**** Recorded data ****
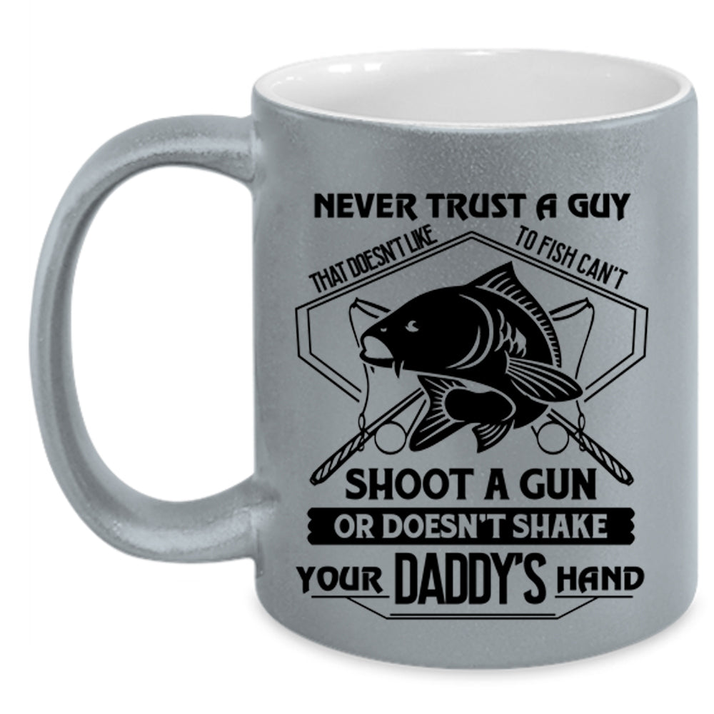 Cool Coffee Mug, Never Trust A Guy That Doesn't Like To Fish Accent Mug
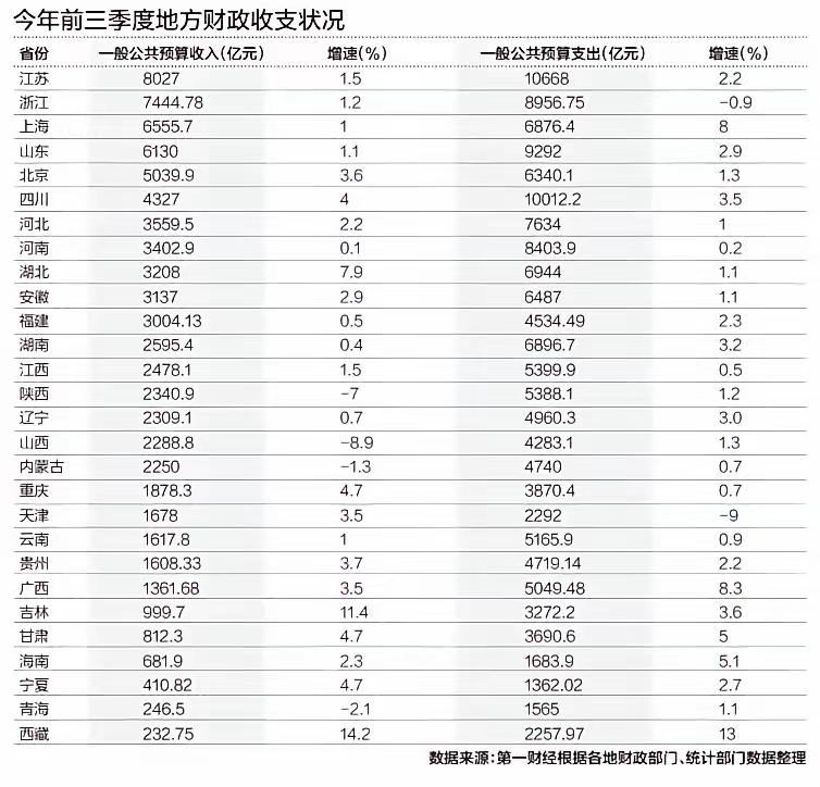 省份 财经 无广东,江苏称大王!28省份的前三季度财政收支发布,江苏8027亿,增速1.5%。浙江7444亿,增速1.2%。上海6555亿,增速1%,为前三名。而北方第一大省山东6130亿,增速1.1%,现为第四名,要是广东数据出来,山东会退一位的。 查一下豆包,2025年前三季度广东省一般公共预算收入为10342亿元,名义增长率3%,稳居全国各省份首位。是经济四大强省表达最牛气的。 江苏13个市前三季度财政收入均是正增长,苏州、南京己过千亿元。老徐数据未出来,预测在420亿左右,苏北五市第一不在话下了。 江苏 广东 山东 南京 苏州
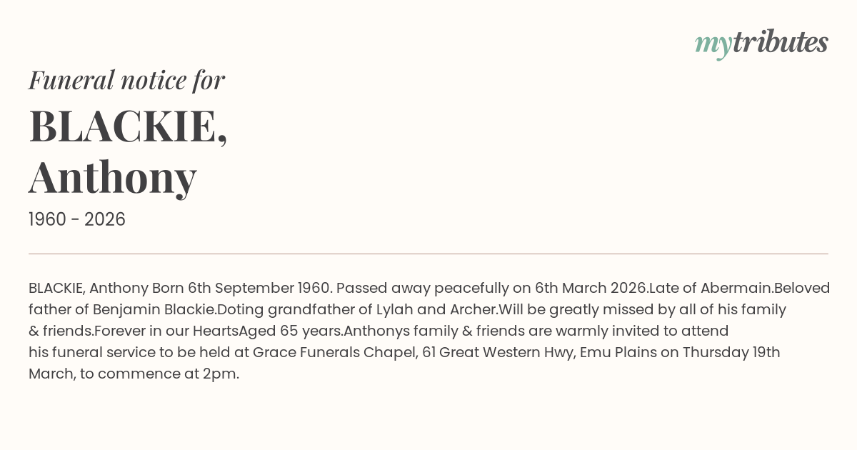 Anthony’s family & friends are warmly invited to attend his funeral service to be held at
****
Try it: Print the listing word for word, but omit the pictures.

Result of this task:
 Cool Coffee Mug, Never Trust A Guy That Doesn't Like To Fish Accent Mug
 省份 财经 无广东,江苏称大王!28省份的前三季度财政收支发布,江苏8027亿,增速1.5%。浙江7444亿,增速1.2%。上海6555亿,增速1%,为前三名。而北方第一大省山东6130亿,增速1.1%,现为第四名,要是广东数据出来,山东会退一位的。 查一下豆包,2025年前三季度广东省一般公共预算收入为10342亿元,名义增长率3%,稳居全国各省份首位。是经济四大强省表达最牛气的。 江苏13个市前三季度财政收入均是正增长,苏州、南京己过千亿元。老徐数据未出来,预测在420亿左右,苏北五市第一不在话下了。 江苏 广东 山东 南京 苏州
 Anthony’s family & friends are warmly invited to attend his funeral service to be held at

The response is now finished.